Невозможно. Дурной сон какой-то. Кошмар. Лерою было тридцать три года. Девушке было семнадцать. Не физически невозможно, бывает и интереснее, но все же — он бы запомнил такое, наверное?

— Папа! Алё? Я — Грэйс. Помнишь? Грэйс?

— Грэйс.

— Да. Грэйс. Твоя приемная дочь. Алё? Ты меня слышишь?

— Хмм.

Лерой нахмурился и, поколебавшись, отпустил ее.

— А что ты здесь делаешь?

— Я здесь провожу ночь со среды на четверг. Как всегда. В твоей квартире. Ты что, заболел? Или с ума своротил?

И то правда. Частичная потеря памяти. Нельзя смешивать ячменное варево с виноградными продуктами. Провалы в памяти всегда преследуют людей, живущих двойной жизнью. Наверное. Грэйс! Конечно же, это Грэйс. Приемная дочь. Он любит, когда она его посещает. Не каждый четверг, но через четверг. Маленькая принцесса. Он действительно ее любит. Все-таки ей следует похудеть. А провалы в памяти что-то очень стали мешать последнее время. Все-таки с чем они связаны? Какая-то авария в детстве, несчастный случай? А может просто блок, основной, иногда задевает те части памяти, которые задевать не нужно? А для чего он, этот основной блок? Что именно он блокирует?

— Кто этот сопляк?

— Он не…

— Надеюсь, что он-то не проводит здесь каждую ночь со среды на четверг?

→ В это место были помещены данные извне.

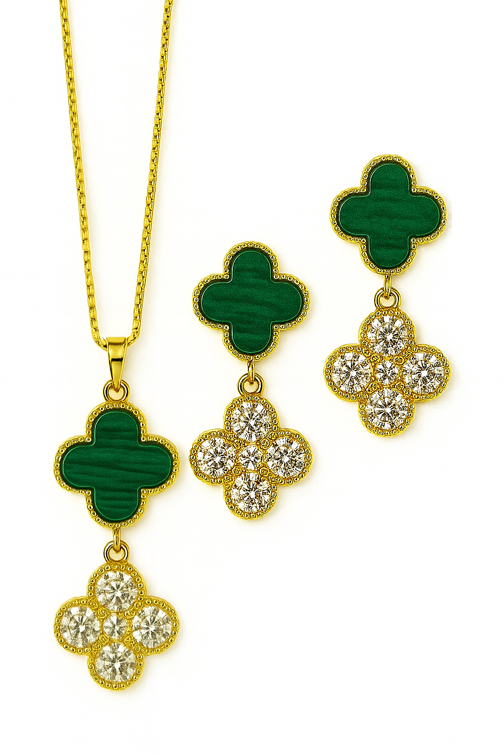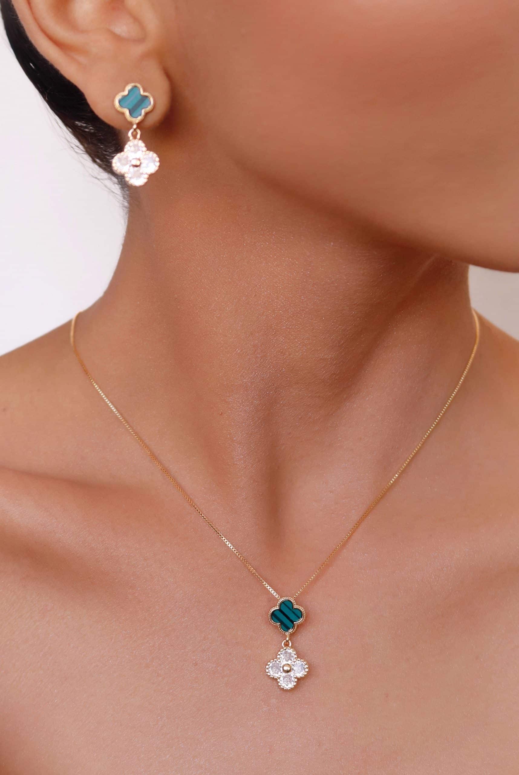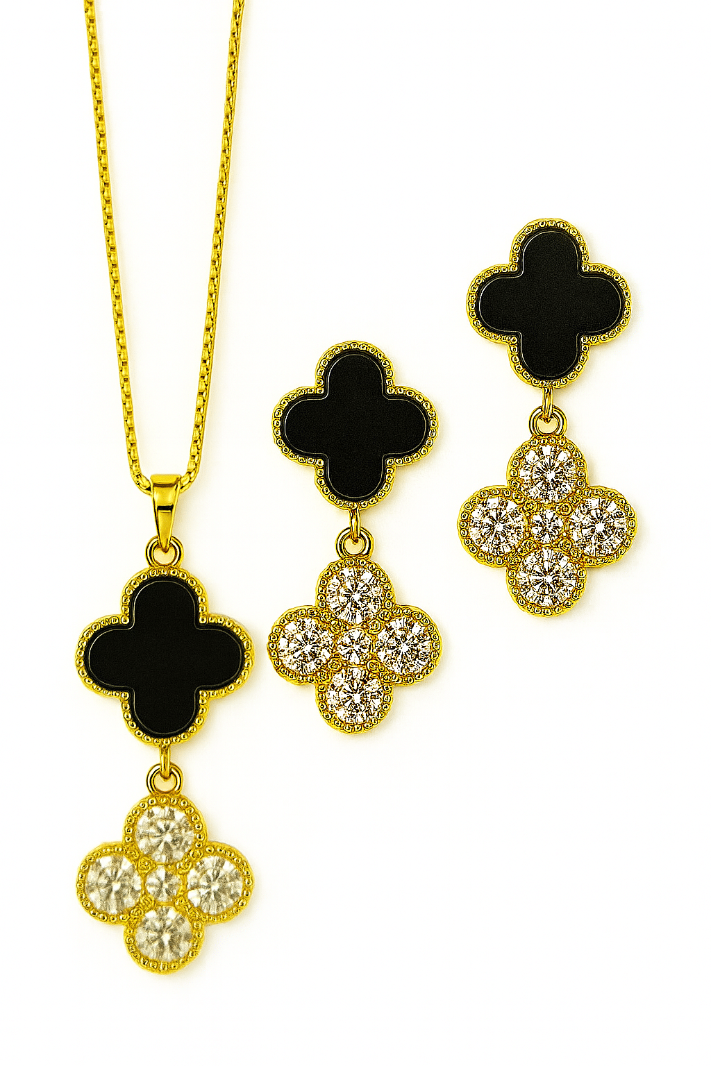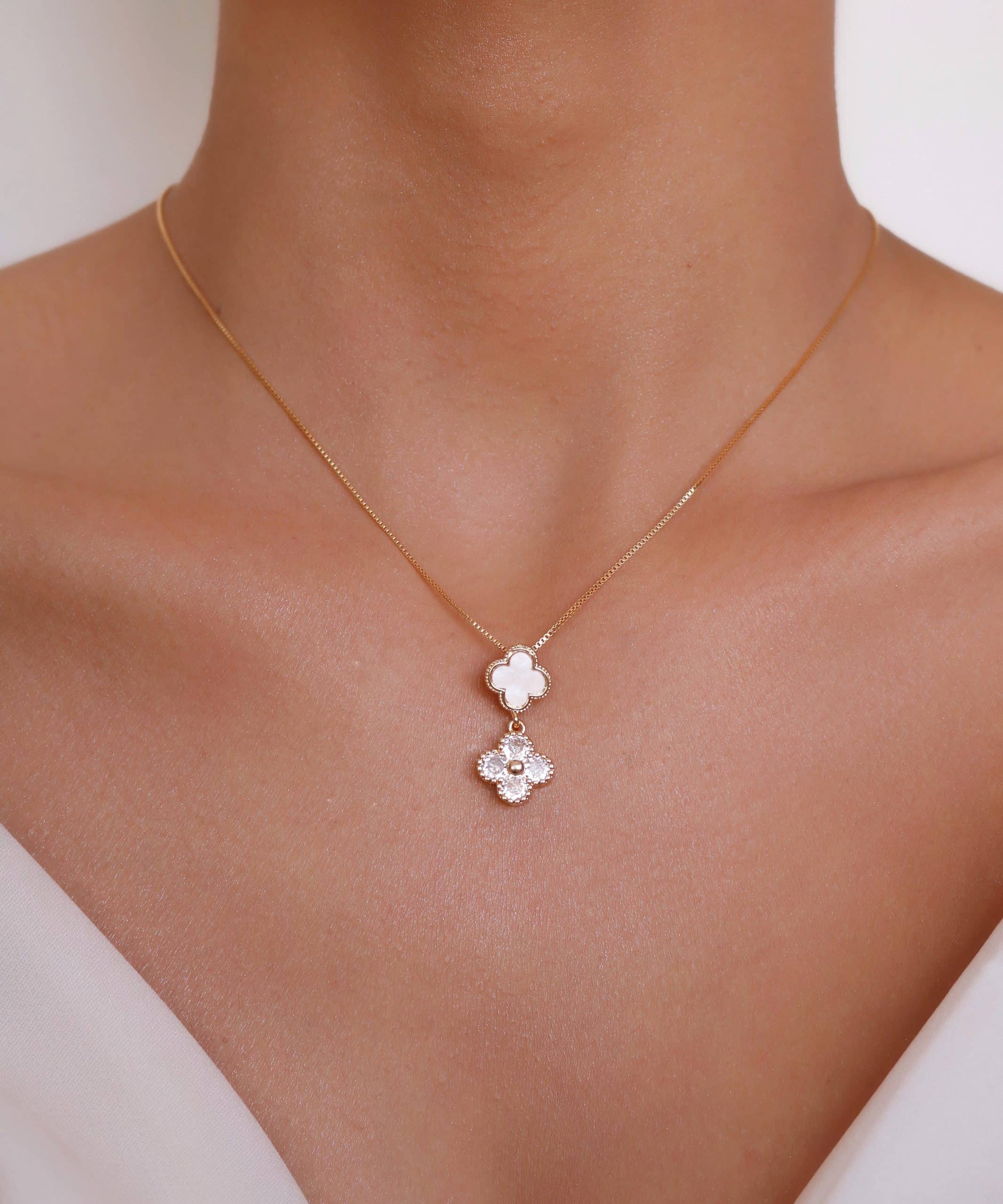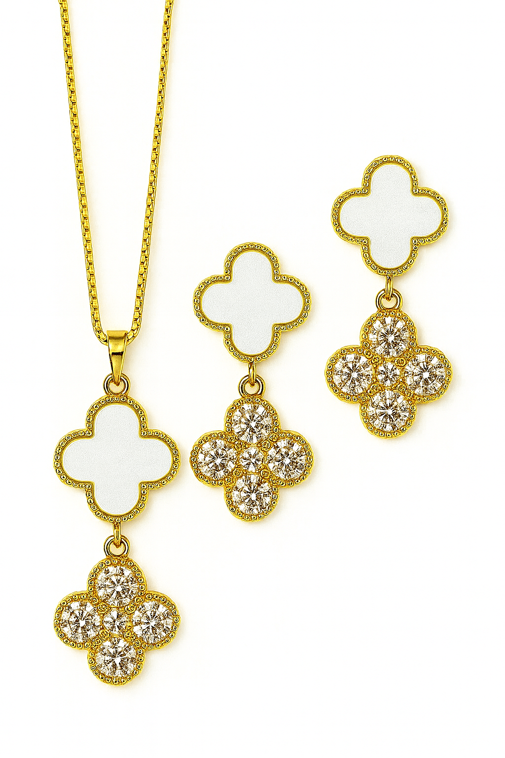 CONJUNTO ZIRCONIA COM UMA FLOR CRAVEJADA E A OUTRA COM RESINA CORES 40CM

— Нет конечно. Ему вчера просто негде было переночевать. Он был… и есть…

— Неважно. Есть хочешь?

— Э…

— Пойди почисти зубы. Изо рта у тебя воняет жутко.

Она сверкнула на него глазами. Он подмигнул ей. Она ухмыльнулась.

Лерой накинул пиджак и снова вышел на крыльцо парадного входа. Сопляк все еще там стоял.

— Как тебя зовут? — спросил Лерой.

— Зак.

— Прости, как?

— Зак, сэр.

— Понятно. Ты в опере не поешь? Ладно, это просто мне в голову пришло. Так вот, слушай меня, Зак. Если я еще раз тебя увижу, здесь, или еще где-нибудь… все равно где… хотя бы один раз… никто тебя больше не увидит. Ни одного раза. Никогда. Ни здесь, ни еще где-нибудь. Понял?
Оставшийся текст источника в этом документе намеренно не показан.